*Directions*
Please repeat, exactly as written, the line containing "Pulse Healthcare is" and every line after it through the end of the records below, leaving out any pictures.

*Data records*
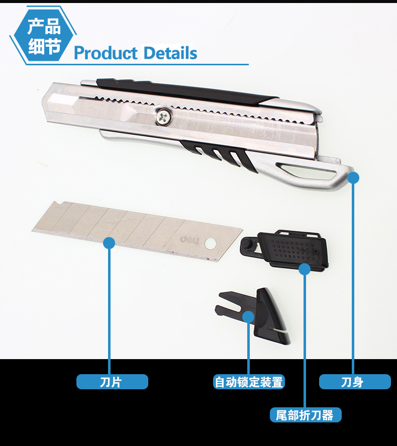 商品名称:得力 2057美工刀 金属美工刀 锌合金裁纸刀壁纸刀墙纸刀
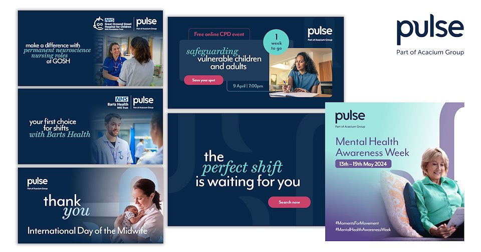Pulse Healthcare is a leading healthcare recruitment agency in the UK, providing high-quality temporary and permanent roles across the NHS and private sectors. I played a key design role during the company’s full rebrand, contributing to the development and rollout of a refreshed visual identity that elevated brand recognition and audience engagement.
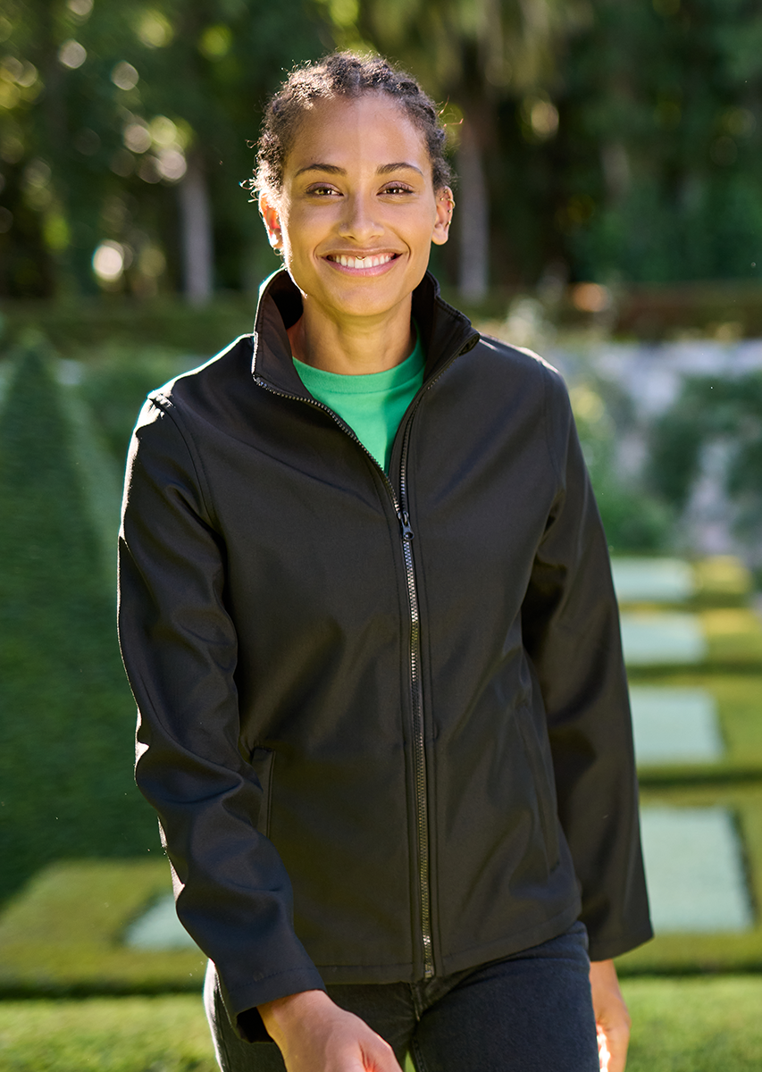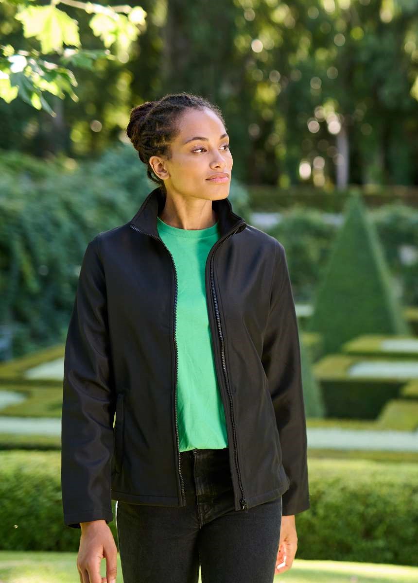 Dizajnirana za udobnost i prilagodbu, ova ženska softshell jakna je vodoodbojna i izrađena s naglaskom na održivost.
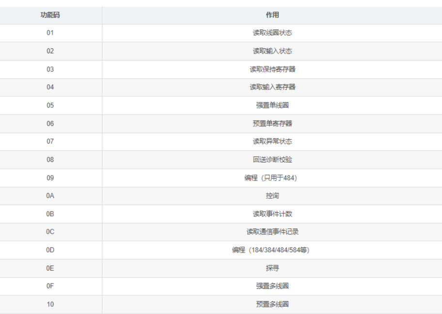 启动Modbus事务处理的客户机创建Modbus应用数据单元。功能码向服务器指示将执行哪种操作。
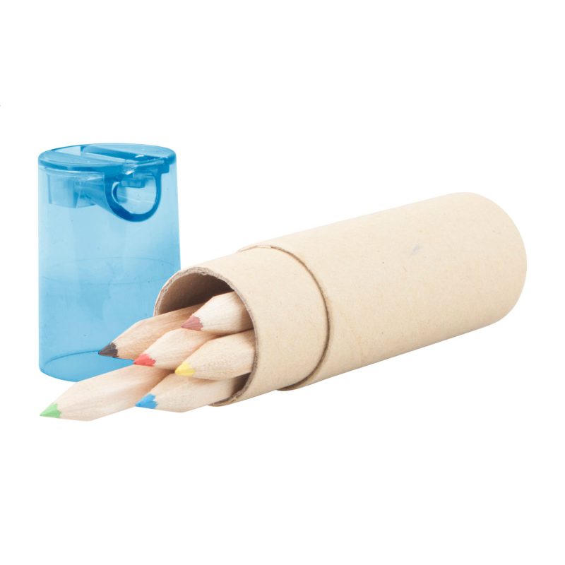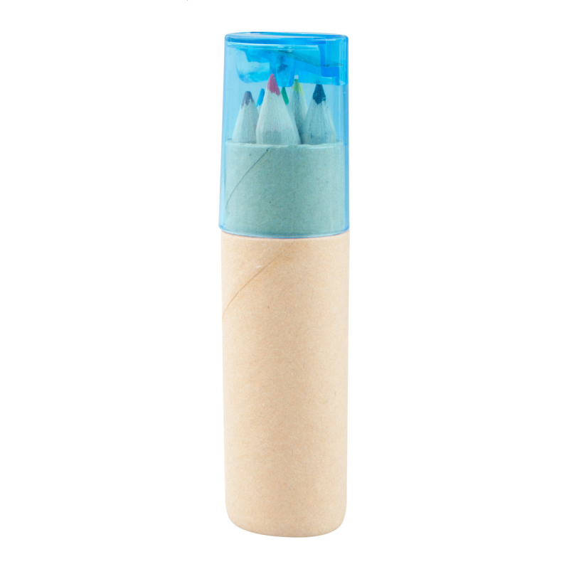 6 db rövid, színes ceruza, karton henger tokban, színes műanyag kupakkal, a kupak tetején hegyezővel.

*Answer space*
Pulse Healthcare is a leading healthcare recruitment agency in the UK, providing high-quality temporary and permanent roles across the NHS and private sectors. I played a key design role during the company’s full rebrand, contributing to the development and rollout of a refreshed visual identity that elevated brand recognition and audience engagement.
 Dizajnirana za udobnost i prilagodbu, ova ženska softshell jakna je vodoodbojna i izrađena s naglaskom na održivost.
 启动Modbus事务处理的客户机创建Modbus应用数据单元。功能码向服务器指示将执行哪种操作。
 6 db rövid, színes ceruza, karton henger tokban, színes műanyag kupakkal, a kupak tetején hegyezővel.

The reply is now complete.